What to do: Every line from the one with "Some gardens with" through the end of the entries below should be written out exactly; the pictures should not.

>>>

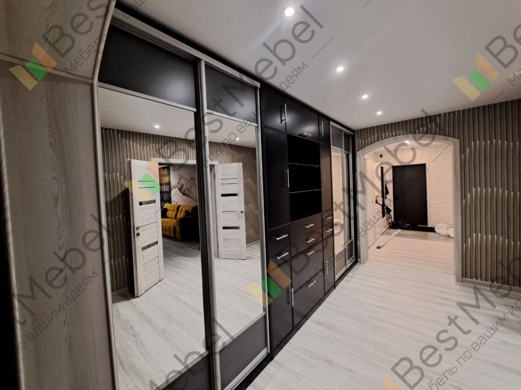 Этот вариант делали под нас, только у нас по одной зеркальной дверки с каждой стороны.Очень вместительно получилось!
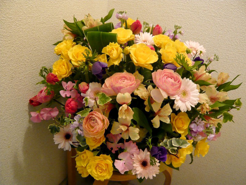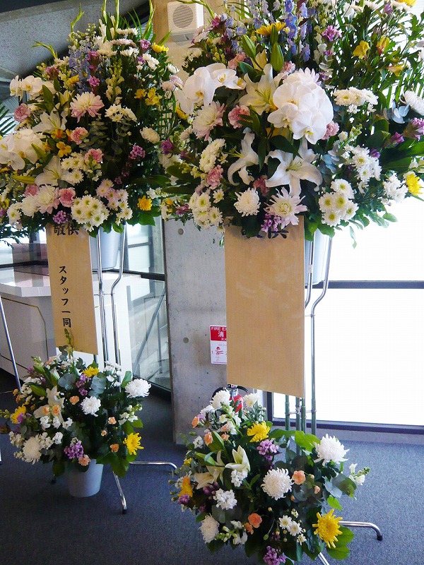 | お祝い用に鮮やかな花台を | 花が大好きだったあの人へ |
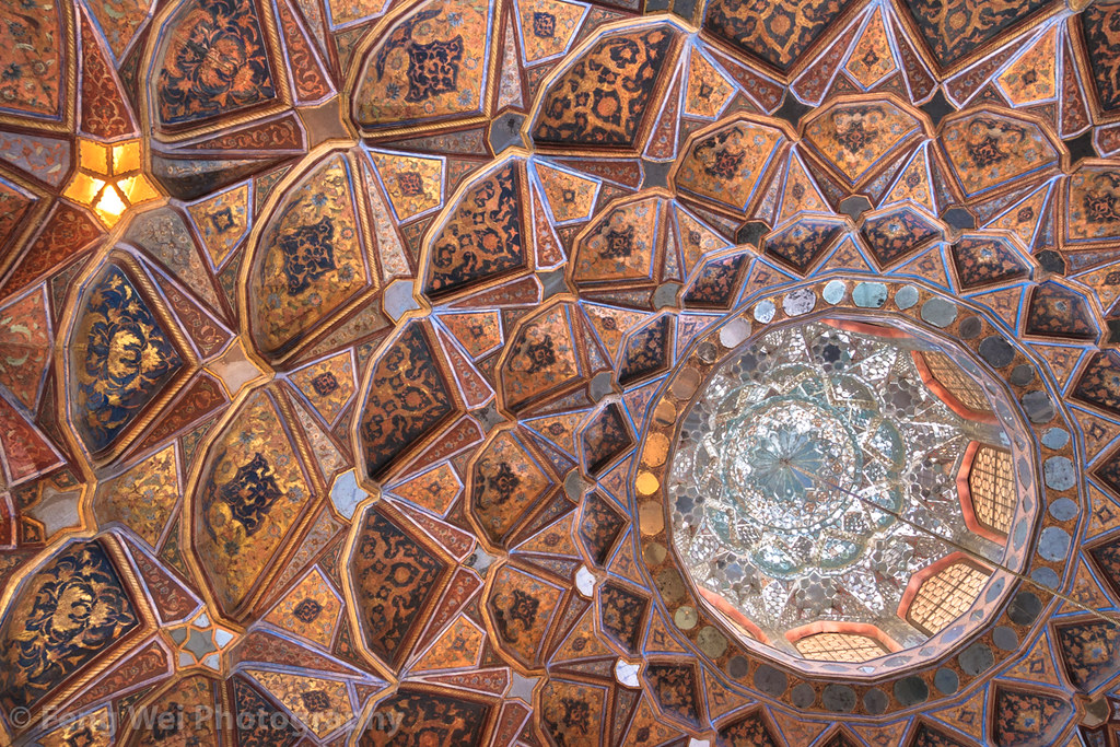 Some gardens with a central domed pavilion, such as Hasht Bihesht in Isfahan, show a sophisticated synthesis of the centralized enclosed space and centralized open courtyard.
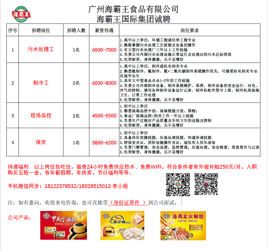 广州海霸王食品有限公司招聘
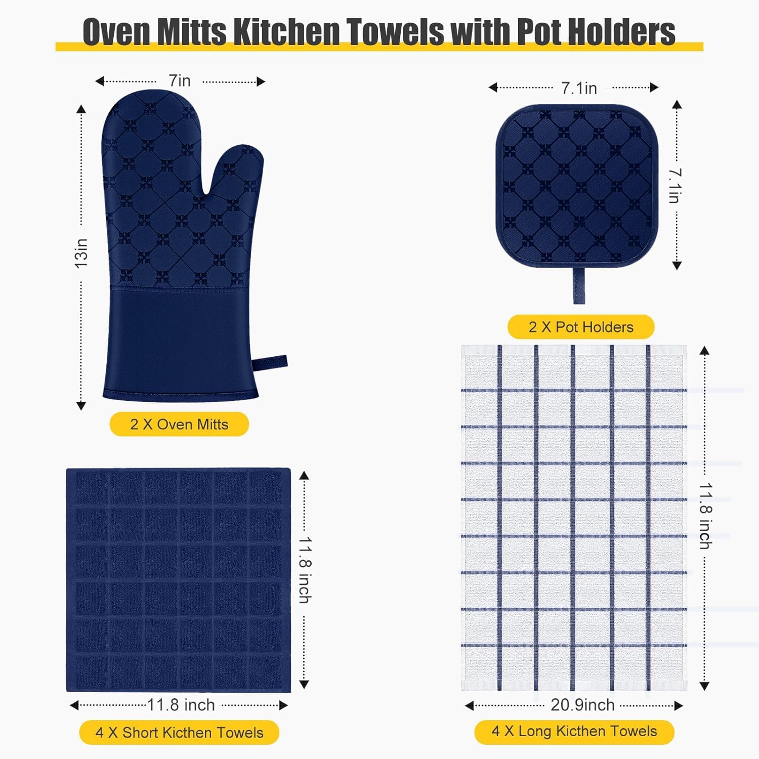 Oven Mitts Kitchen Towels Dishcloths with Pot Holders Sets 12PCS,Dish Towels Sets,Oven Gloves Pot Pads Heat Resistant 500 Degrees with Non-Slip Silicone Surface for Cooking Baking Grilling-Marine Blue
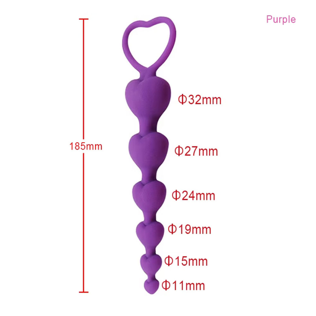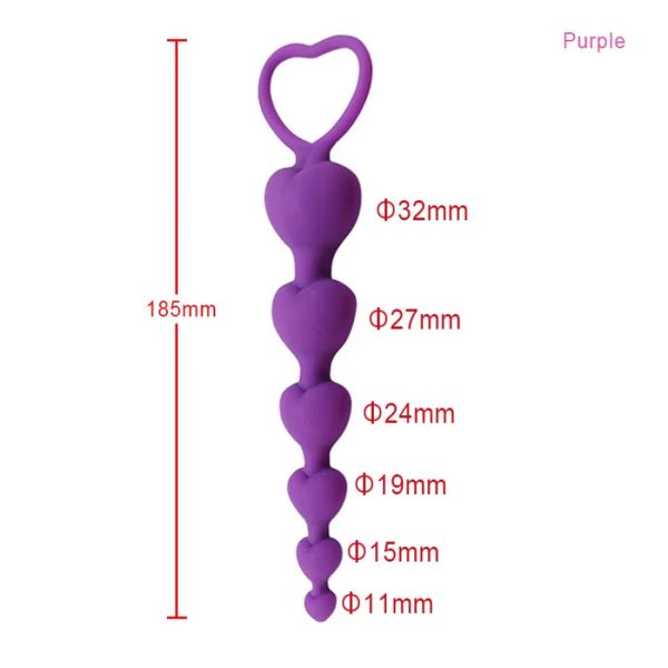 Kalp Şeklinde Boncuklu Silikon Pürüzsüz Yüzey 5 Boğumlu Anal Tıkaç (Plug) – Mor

<<<

Response below:
 Some gardens with a central domed pavilion, such as Hasht Bihesht in Isfahan, show a sophisticated synthesis of the centralized enclosed space and centralized open courtyard.
 广州海霸王食品有限公司招聘
 Oven Mitts Kitchen Towels Dishcloths with Pot Holders Sets 12PCS,Dish Towels Sets,Oven Gloves Pot Pads Heat Resistant 500 Degrees with Non-Slip Silicone Surface for Cooking Baking Grilling-Marine Blue
 Kalp Şeklinde Boncuklu Silikon Pürüzsüz Yüzey 5 Boğumlu Anal Tıkaç (Plug) – Mor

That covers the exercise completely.